Prison Investigations Moved Swiftly, Officials Say
By Jim Garamone
American Forces Press Service
WASHINGTON, May. 3, 2004 Once military authorities received information about possible prisoner abuse at Abu Ghraib prison outside Baghdad, investigations moved swiftly, Defense Department officials said today.
A soldier, disturbed by the goings-on at the prison, went to officials with his allegations Jan. 13. The next day, Army Lt. Gen. Ricardo S. Sanchez, commander of Combined Joint Task Force 7, launched a criminal investigation.

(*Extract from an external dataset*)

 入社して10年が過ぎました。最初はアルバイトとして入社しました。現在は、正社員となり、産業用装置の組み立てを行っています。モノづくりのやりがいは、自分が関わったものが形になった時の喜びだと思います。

The criminal investigation has resulted in the Army charging six soldiers from the 800th Military Police Brigade with a variety of offenses. The soldiers still are serving in Iraq although not as military police and will remain there until the investigations are complete. The offenses against them include conspiracy, dereliction of duty, cruelty and maltreatment, assault, and indecent acts with another.
There are four other investigations into the "heinous" acts that allegedly took place in the prison, said a senior defense official on background.

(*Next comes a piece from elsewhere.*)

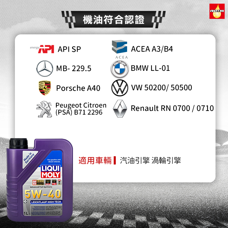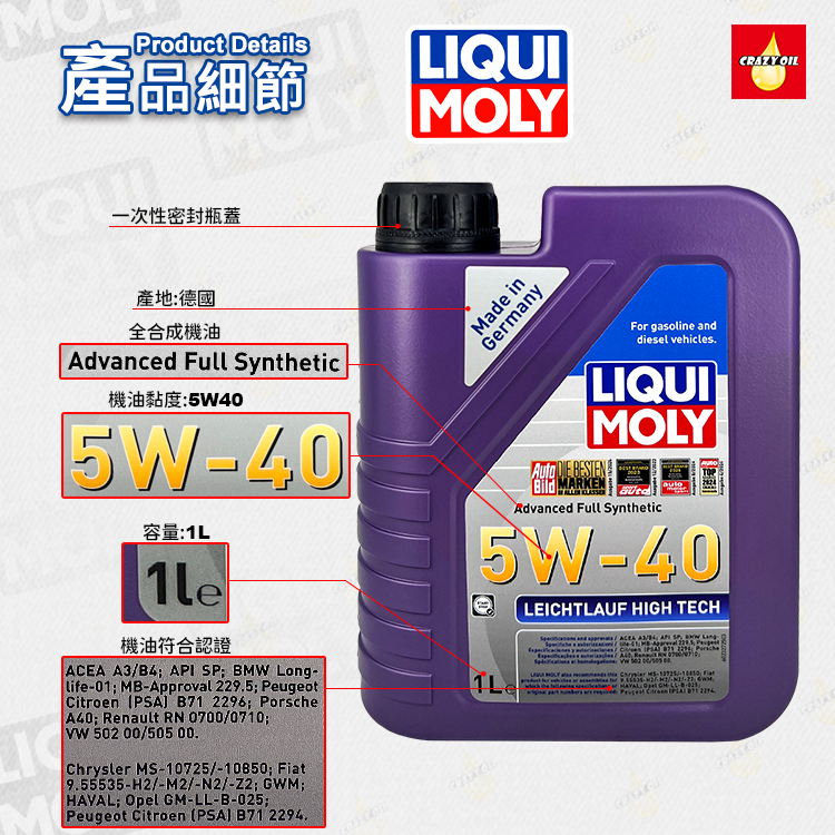 品名 : LIQUI MOLY Leichtlauf High Tech 5W-40 全合成機油

A second investigation, recently completed by Army Maj. Gen. Antonio M. Taguba, looked into procedures used at the prison. Taguba is the deputy commanding general for support at the 3rd Army, Fort McPherson, Ga. While classified, that investigation is "damning," said one official. Six noncommissioned and commissioned officers have received letters of reprimand following that investigation.
The Army inspector general's office has launched a third investigation, which began in February. That group will look at "detention operations around the world" to ensure humane, normal policies are being followed.

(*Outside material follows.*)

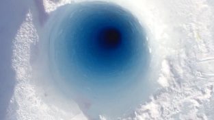 На айсберг в Антарктиде, Ученые сделали большое отверстие 90 метров, для того, чтобы извлечь ядро льда. Один из них берет кусок льда в отверстие, и записывает странный звук [...]

Lt. Gen. James R. Helmly, chief of the Army Reserve, ordered a fourth investigation to assess the state of training of Army Reserve units. The 800th is an Army Reserve unit based at Fort Totten, N.Y.
A final investigation is looking into the possible involvement of military intelligence personnel in the abuse. Army Maj. Gen. George Fay, the service's deputy chief of staff for intelligence, is leading that inquiry.